Open-Source Methods#
The embrace of open-source methodologies in research significantly impacts reproducibility and accessibility. Open-source code allows other researchers to verify results, adapt methods, and build upon existing work, fostering collaboration and accelerating progress. Open-access datasets democratize research by removing financial barriers and enabling broader participation. This inclusivity encourages diverse perspectives and contributes to more robust and generalizable findings. However, relying solely on open-source tools can present challenges. The quality of open-source tools and datasets can vary significantly, requiring careful evaluation and validation. Furthermore, the open-source landscape may lack the comprehensive features or specialized functionalities available in commercial software, potentially limiting the scope of some research endeavors. Successfully leveraging open-source methods requires a strategic approach, balancing cost-effectiveness with the need for quality and appropriate functionality. While open-source offers significant advantages, researchers must consider its limitations to ensure the reliability and impact of their research.
Ablation Studies#
Ablation studies systematically remove components of a model or system to assess their individual contributions. In the context of a research paper, this involves isolating variables to determine their effect on overall performance. For a multimodal model, ablation could focus on removing specific components like the visual encoder, language model, or the fusion mechanism to understand their importance. A well-designed ablation study should highlight the relative impact of various model components, offering insights into which parts are most crucial and others that are less impactful or even detrimental. It also helps to validate design choices, determine if features are overfitting or underfitting, and refine future model iterations. By carefully controlling which components are removed and measuring the consequent changes in performance metrics, researchers can draw definitive conclusions about the model’s architecture and its strengths and weaknesses. This process is essential in building robust and explainable AI models. The insights gained from a comprehensive ablation study are invaluable to guide future research and development efforts, allowing for more efficient and effective model design.
More visual insights#
More on figures
🔼 Figure 2 illustrates the three-step pipeline used to create the MAmmoTH-VL instruction dataset. First, existing open-source multimodal datasets are manually collected and categorized. Second, these datasets are rewritten using large language models (LLMs) and multimodal LLMs (MLLMs) to generate more complex questions and answers with detailed, step-by-step reasoning. This rewriting process elicits Chain-of-Thought (CoT) reasoning, improving the quality of the instructions. Finally, the same MLLM acts as a judge to filter out low-quality or hallucinated entries. The figure provides examples illustrating how simple question-answer pairs are transformed into more detailed, step-by-step CoT responses in both math and science domains.
read the caption
Figure 2: Overview of our simple yet scalable visual instruction data rewriting pipeline with three steps: manual data source collection, rewriting using MLLMs/LLMs, and filtering via the same MLLM as a judge. Examples below illustrate transformations in math and science categories, showcasing detailed, step-by-step responses.

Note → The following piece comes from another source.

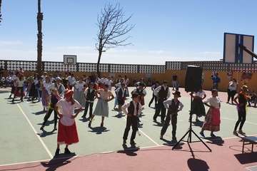 El alumnado de Infantil centró su actuación en Lanzarote, empezando con la saranda,  baile muy característico por la presencia de la zaranda con la que se danza, simulando cernir el trigo junto al resto de las herramientas de las faenas agrícolas. Los chinijos se movían al son de cestas, ceretas, acabando con canciones, poesías alusivas a la isla de Lanzarote.

🔼 Figure 3 presents a comprehensive overview of the MAmmoTH-VL-Instruct dataset, which comprises 12 million multimodal instruction-response pairs. The left panel displays the category distribution within the dataset, illustrating the proportion of data points belonging to ten major categories: General, OCR, Chart, Caption, Domain-specific, Code&Math, Language, Detection, Multi-Image, and Video. Each category represents a distinct set of tasks or scenarios covered by the data. The right panel provides detailed information about the individual data sources used to build the MAmmoTH-VL-Instruct dataset, demonstrating the breadth and diversity of the data collection process. The figure clearly highlights both the diversity of the tasks covered and the range of sources that contributed to the construction of this large-scale dataset.
read the caption
Figure 3: The data distribution of MAmmoTH-VL-Instruct (12M). Left: Category distribution. Right: Details of data sources.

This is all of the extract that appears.